*What is being asked*
Each entry is to be retyped exactly as it appears. Leave the images out.

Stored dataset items

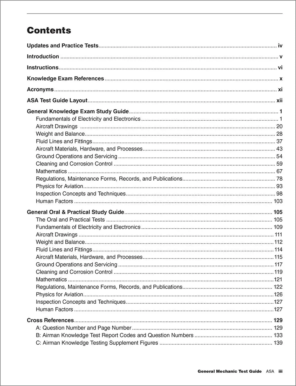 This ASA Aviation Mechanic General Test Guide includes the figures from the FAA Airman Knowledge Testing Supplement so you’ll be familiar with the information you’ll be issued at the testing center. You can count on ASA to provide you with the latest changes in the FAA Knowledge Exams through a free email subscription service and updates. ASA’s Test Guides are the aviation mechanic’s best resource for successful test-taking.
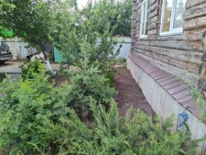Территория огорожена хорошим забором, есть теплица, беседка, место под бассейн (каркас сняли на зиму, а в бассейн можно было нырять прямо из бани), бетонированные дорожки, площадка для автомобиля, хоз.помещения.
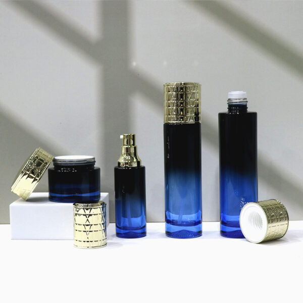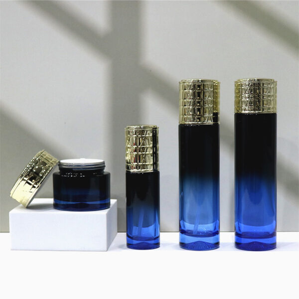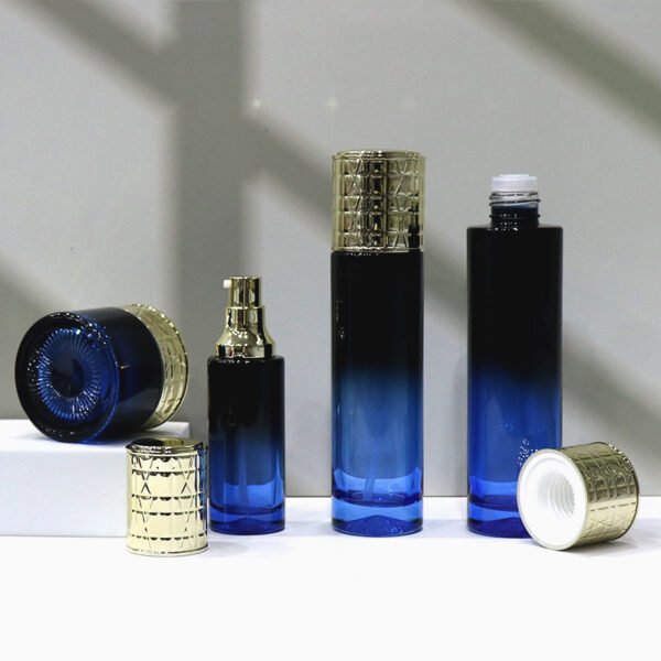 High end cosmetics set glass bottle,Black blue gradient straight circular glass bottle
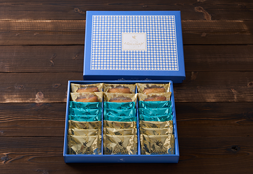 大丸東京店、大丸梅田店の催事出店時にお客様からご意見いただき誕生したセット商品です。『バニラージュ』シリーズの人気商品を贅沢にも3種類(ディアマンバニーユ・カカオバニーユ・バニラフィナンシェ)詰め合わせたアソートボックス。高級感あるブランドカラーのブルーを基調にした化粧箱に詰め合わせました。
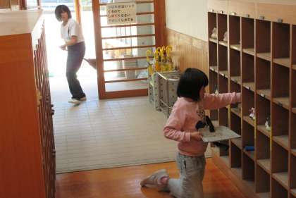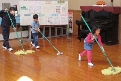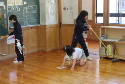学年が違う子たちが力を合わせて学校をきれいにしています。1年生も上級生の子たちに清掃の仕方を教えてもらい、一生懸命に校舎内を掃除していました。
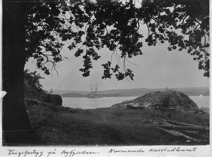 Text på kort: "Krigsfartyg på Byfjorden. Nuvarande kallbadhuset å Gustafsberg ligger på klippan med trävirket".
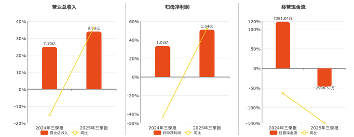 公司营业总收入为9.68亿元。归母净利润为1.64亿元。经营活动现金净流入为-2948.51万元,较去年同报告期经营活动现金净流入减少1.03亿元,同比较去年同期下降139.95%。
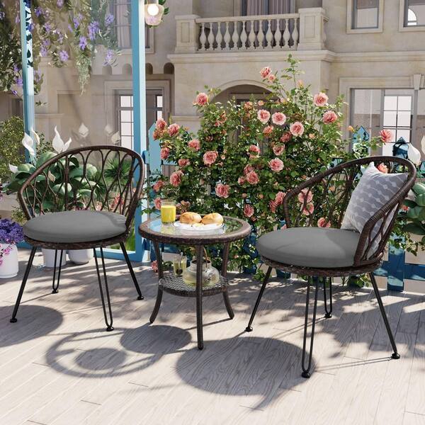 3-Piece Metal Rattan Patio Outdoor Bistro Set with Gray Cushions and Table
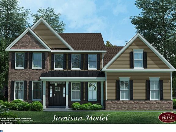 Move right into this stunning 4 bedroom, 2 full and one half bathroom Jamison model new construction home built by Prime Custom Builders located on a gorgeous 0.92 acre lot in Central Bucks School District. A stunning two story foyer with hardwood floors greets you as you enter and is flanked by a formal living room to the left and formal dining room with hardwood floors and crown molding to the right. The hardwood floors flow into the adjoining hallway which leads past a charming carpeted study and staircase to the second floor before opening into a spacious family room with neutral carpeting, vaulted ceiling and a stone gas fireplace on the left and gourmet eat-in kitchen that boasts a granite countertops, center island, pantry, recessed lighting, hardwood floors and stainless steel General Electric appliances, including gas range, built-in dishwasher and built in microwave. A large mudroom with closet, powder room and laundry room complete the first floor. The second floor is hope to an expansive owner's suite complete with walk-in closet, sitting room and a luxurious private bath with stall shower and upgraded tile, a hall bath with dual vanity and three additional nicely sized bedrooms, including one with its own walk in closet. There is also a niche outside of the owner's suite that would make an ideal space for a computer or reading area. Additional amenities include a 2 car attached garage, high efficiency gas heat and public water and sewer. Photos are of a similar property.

*Task answer*
 This ASA Aviation Mechanic General Test Guide includes the figures from the FAA Airman Knowledge Testing Supplement so you’ll be familiar with the information you’ll be issued at the testing center. You can count on ASA to provide you with the latest changes in the FAA Knowledge Exams through a free email subscription service and updates. ASA’s Test Guides are the aviation mechanic’s best resource for successful test-taking.
Территория огорожена хорошим забором, есть теплица, беседка, место под бассейн (каркас сняли на зиму, а в бассейн можно было нырять прямо из бани), бетонированные дорожки, площадка для автомобиля, хоз.помещения.
 High end cosmetics set glass bottle,Black blue gradient straight circular glass bottle
 大丸東京店、大丸梅田店の催事出店時にお客様からご意見いただき誕生したセット商品です。『バニラージュ』シリーズの人気商品を贅沢にも3種類(ディアマンバニーユ・カカオバニーユ・バニラフィナンシェ)詰め合わせたアソートボックス。高級感あるブランドカラーのブルーを基調にした化粧箱に詰め合わせました。
学年が違う子たちが力を合わせて学校をきれいにしています。1年生も上級生の子たちに清掃の仕方を教えてもらい、一生懸命に校舎内を掃除していました。
 Text på kort: "Krigsfartyg på Byfjorden. Nuvarande kallbadhuset å Gustafsberg ligger på klippan med trävirket".
 公司营业总收入为9.68亿元。归母净利润为1.64亿元。经营活动现金净流入为-2948.51万元,较去年同报告期经营活动现金净流入减少1.03亿元,同比较去年同期下降139.95%。
 3-Piece Metal Rattan Patio Outdoor Bistro Set with Gray Cushions and Table
 Move right into this stunning 4 bedroom, 2 full and one half bathroom Jamison model new construction home built by Prime Custom Builders located on a gorgeous 0.92 acre lot in Central Bucks School District. A stunning two story foyer with hardwood floors greets you as you enter and is flanked by a formal living room to the left and formal dining room with hardwood floors and crown molding to the right. The hardwood floors flow into the adjoining hallway which leads past a charming carpeted study and staircase to the second floor before opening into a spacious family room with neutral carpeting, vaulted ceiling and a stone gas fireplace on the left and gourmet eat-in kitchen that boasts a granite countertops, center island, pantry, recessed lighting, hardwood floors and stainless steel General Electric appliances, including gas range, built-in dishwasher and built in microwave. A large mudroom with closet, powder room and laundry room complete the first floor. The second floor is hope to an expansive owner's suite complete with walk-in closet, sitting room and a luxurious private bath with stall shower and upgraded tile, a hall bath with dual vanity and three additional nicely sized bedrooms, including one with its own walk in closet. There is also a niche outside of the owner's suite that would make an ideal space for a computer or reading area. Additional amenities include a 2 car attached garage, high efficiency gas heat and public water and sewer. Photos are of a similar property.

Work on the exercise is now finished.